Sometimes, you must make a program available without providing a full path every time. Some applications rely on others, like RStudio Server needing to find R or Jupyter Notebook needing your Python kernels.

The operating system knows how to find executables via the path. The path is a set of directories that the system knows to search when it tries to run a program. The path is stored in an environment variable conveniently named PATH.

You can check your path at any time with echo $PATH. On my MacBook, this is what it looks like:

Terminal

> echo $PATH                                                      
/opt/homebrew/bin:/opt/homebrew/sbin:/usr/local/bin:
  /System/Cryptexes/App/usr/bin:/usr/bin:/bin:/usr/sbin:/sbin

When you install a new application, you must add it to the path. Let’s say I installed a new version of Python in /opt/python. That’s not on my PATH, so my system couldn’t find it.
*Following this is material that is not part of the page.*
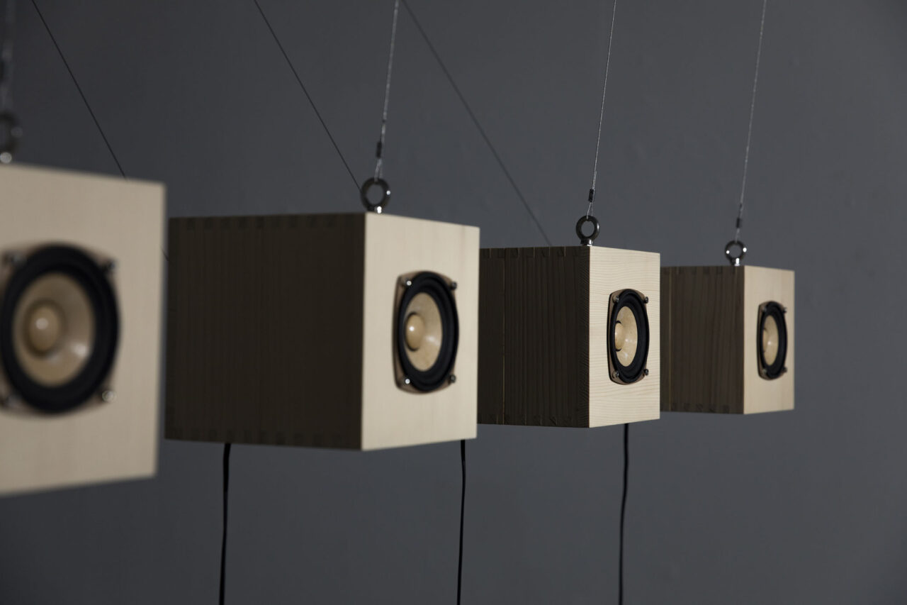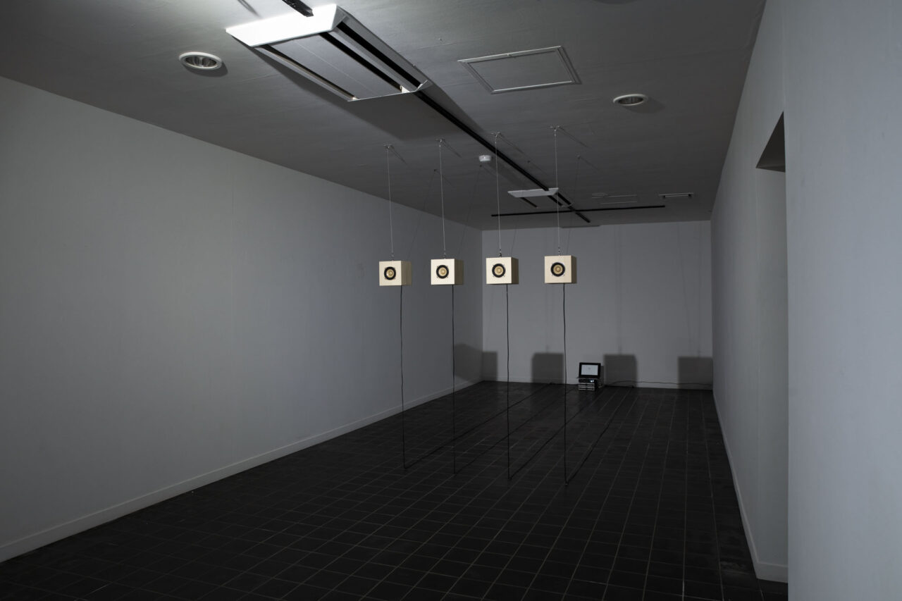 本展覧会タイトル「無いに聞く」は英題 “Trusted Silence” に由来し、“沈黙に耳を澄ます”という姿勢を示しています。音が供給されるのをただ待つのではなく、音が鳴る直前の緊張や、鳴っていない状態に潜む気配を信頼し受け入れること。細井はその意識を日常の中で保つための“装置”としてサウンドオブジェクトを制作してきました。素材には鈴や時計、金属板など、誰もが知る日常的なものを用いています。なかでも鈴は、鳴っていなくても音を想起させる世界共通の存在であり、匿名性を保ったまま音に実体と場所を与えることができる特別な素材です。細井は「音が立ち上がる寸前の静寂を聞きたい。鳴るのは今ではないことを受け入れ、それ以上を求めず、頭の中で補完する。それで満足できる人になりたい」と語ります。その探求は単なるサウンドアートの枠を超えて「ないこと」や「聞こえないこと」の価値を表現し、「時間認識という錯覚」への問いかけをも内包しています。作品はオブジェクトとして時間を伴いながら、鑑賞者に実時間とは異なる体験を促します。

I can get it on the path in one of two ways. The first option would be to add /opt/python to my PATH every time a terminal session starts, usually via a file in /etc or the .zshrc.

The other option is to create a symlink to the new application in a directory already on the PATH. A symlink makes it appear that a copy of a file is in a different location without actually moving it. Symlinks are created with the ln command.

Running applications as services

On your personal computer, you probably have programs that start every time your computer does. Maybe this happens for Slack, Microsoft Teams, or Spotify. Such applications that execute on startup and run in the background, waiting for input, are called a daemon or a service.

Most server-based applications are configured to run as a service, so users can access them without needing permissions to start them first. For example, on a data science workbench, you’d want JupyterHub and/or RStudio Server to run as a service.

In Linux, the tool to turn a regular application into a daemon is called systemd. Some applications automatically configure themselves with systemd when they’re installed. If your application doesn’t, or you want to alter the startup behavior, most applications have their systemd configuration in /etc/systemd/system/<service name>.service.

Daemonized services are controlled using the systemctl command line tool.

Note

Basically, all modern Linux distros have coalesced around using systemd and systemctl. Older systems may not have it installed by default and you may have to install it or use a different tool.

The systemctl command has a set of sub-commands that are useful for working with applications. They look like systemctl <subcommand> <application>. Often systemctl has to be run as sudo, since you’re working with an application for all system users.

The most useful systemctl commands include start and stop, status for checking whether a program is running, and restart for a stop followed by a start. Many applications also support a reload command, which reloads configuration settings without restarting the process. Which settings require a restart vs. a reload depends on the application.

If you’ve changed a service’s systemd configuration, you can load changes with daemon-reload. You also can turn a service on or off for the next time the server starts with enable and disable.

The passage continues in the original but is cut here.